Most genes possess multiple SNPs in the screen, and because of linkage disequilibrium some SNPs within genes are not independent. To establish the average correlation for datasets of only a single SNP sampled at random per gene, we reduced the data to sets of 46 SNPs and assembled 10 000 such datasets, recognizing that these sets are not independent. The average of these 10 000 correlation sets was r = −0.283. About 50% of these sets would be significant at α < 0.05.
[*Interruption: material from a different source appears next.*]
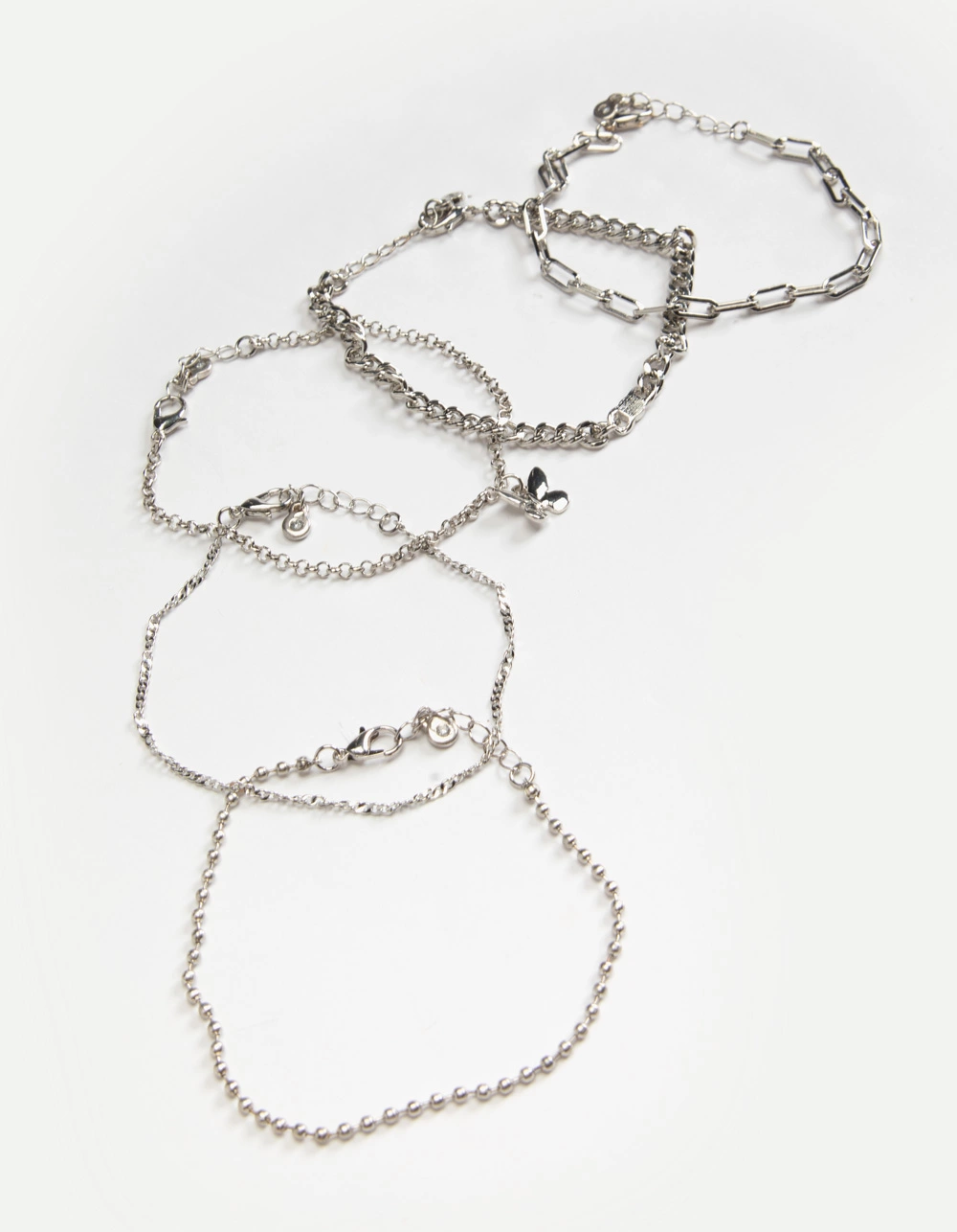 Full Tilt 5 Pack Chain Butterfly Bracelets. Silver tone chain bracelets. Safety pin and butterfly charms. Lobster clasp closures. Set of 5 bracelets. Imported.

To emphasize those genes that represent the strongest supported cases of latitudinal selection, we sampled the SNP at each gene with the highest correlation with latitude, irrespective of statistical significance. There is no reason to expect that selecting the SNP with the highest latitudinal correlation in each gene (n = 46) should favour those SNPs with the strongest seasonal change. We see a highly significant Spearman rank correlation with this reduced set, r = −0.398 (p < 0.0042; figure 2b). We also considered the case where we selected the SNP from each gene with the highest seasonal Pearson correlation. The Spearman correlation for this set (n = 46) was r = −0.311 (p < 0.0159). Finally, to reduce the set to those genes that provide yet the best support for true latitudinal clines, we selected only those SNPs (one per gene) that were statistically significant for latitudinal clines given q-value thresholds [13,21], where q < 0.10 (n = 38) and q < 0.05 (n = 31) (figure 2c,d). For the former, the Spearman rank correlation is now r = −0.402 (p < 0.0076) and for the latter r = −0.479 (p < 0.0032). The pattern remains as we increase the evidence of latitudinal clines (yet reduce the degrees-of-freedom and power). It appears that alleles that are significantly favoured in northern populations are favoured early after the winter in the PA orchard and decline with the summer into the autumn season.
Finally, to functionally explore this feature, we partitioned the data into subsets based on two properties. The first set included those clines associated with amino acid polymorphism, and the second included those SNPs shown to have significant associations with transcript expression [14,22,25]. The average correlation using all 35 amino acid polymorphisms was r = −0.196 and is non-significant (n = 35, p < 0.22, figure 3a). The correlation among the 22 significant cis-expression-associated SNPs (figure 3b; from [14]) is r = −0.408 (p < 0.0336), but this is not significantly different from a sampling of 22 genes at random from the overall set (p < 0.0918).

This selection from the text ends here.